Apart from the images, reproduce every record word for word.

*** Begin section ***

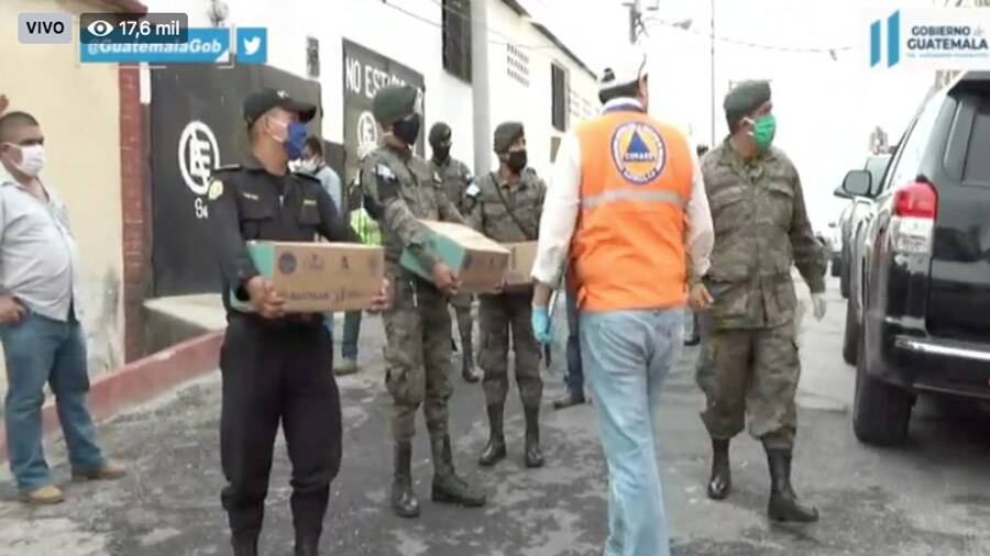 De acuerdo a la señal compartida por el Gobierno, el primer camión llegó hacia la 23 calle y 12 avenida "A", en donde luego de recibir instrucciones por parte de altos mandos castrenses, los soldados iniciarían con la repartición.
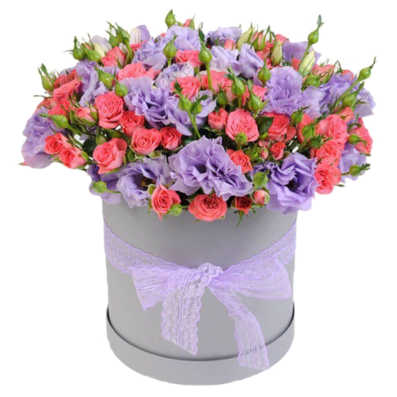 Букет состоит из 8 веток розовых кустовых роз, 7 веток эустомы, коробка, оазис.
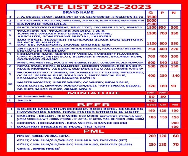 इसके अलावा बीयर में गोल्डन ईगल, थंडर बोल्ड, राक बर्ग, जैनस बर्ग, हावर्ड 5000, किंगफिशर स्ट्रांग एंड लाइट 150 रुपये बोतल व कैन 120 रुपये रेट निर्धारित किए गए हैं। इसके साथ ही करोना, बीरा बाइट व आरेंज बूम 200 रुपये व बकार्डी ब्रीजर 100 रुपये रेट निर्धारित किए गए हैं।
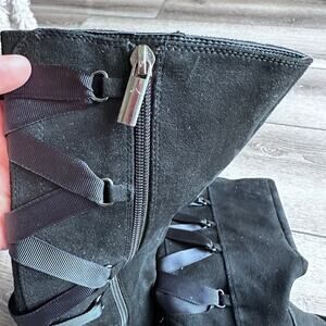 Sam Edelman Black Suede Tall Lace Up Boots - Size 2
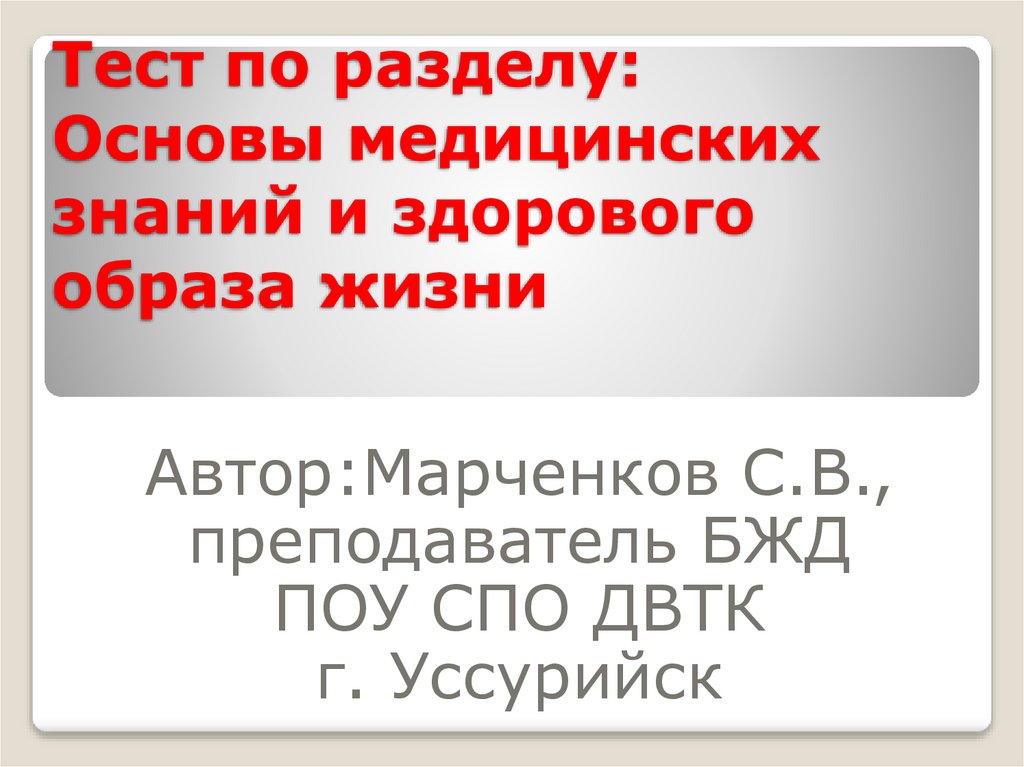 1. Тест по разделу: Основы медицинских знаний и здорового образа жизни

*** End section ***

» Solution for this exercise
 De acuerdo a la señal compartida por el Gobierno, el primer camión llegó hacia la 23 calle y 12 avenida "A", en donde luego de recibir instrucciones por parte de altos mandos castrenses, los soldados iniciarían con la repartición.
 Букет состоит из 8 веток розовых кустовых роз, 7 веток эустомы, коробка, оазис.
 इसके अलावा बीयर में गोल्डन ईगल, थंडर बोल्ड, राक बर्ग, जैनस बर्ग, हावर्ड 5000, किंगफिशर स्ट्रांग एंड लाइट 150 रुपये बोतल व कैन 120 रुपये रेट निर्धारित किए गए हैं। इसके साथ ही करोना, बीरा बाइट व आरेंज बूम 200 रुपये व बकार्डी ब्रीजर 100 रुपये रेट निर्धारित किए गए हैं।
 Sam Edelman Black Suede Tall Lace Up Boots - Size 2
 1. Тест по разделу: Основы медицинских знаний и здорового образа жизни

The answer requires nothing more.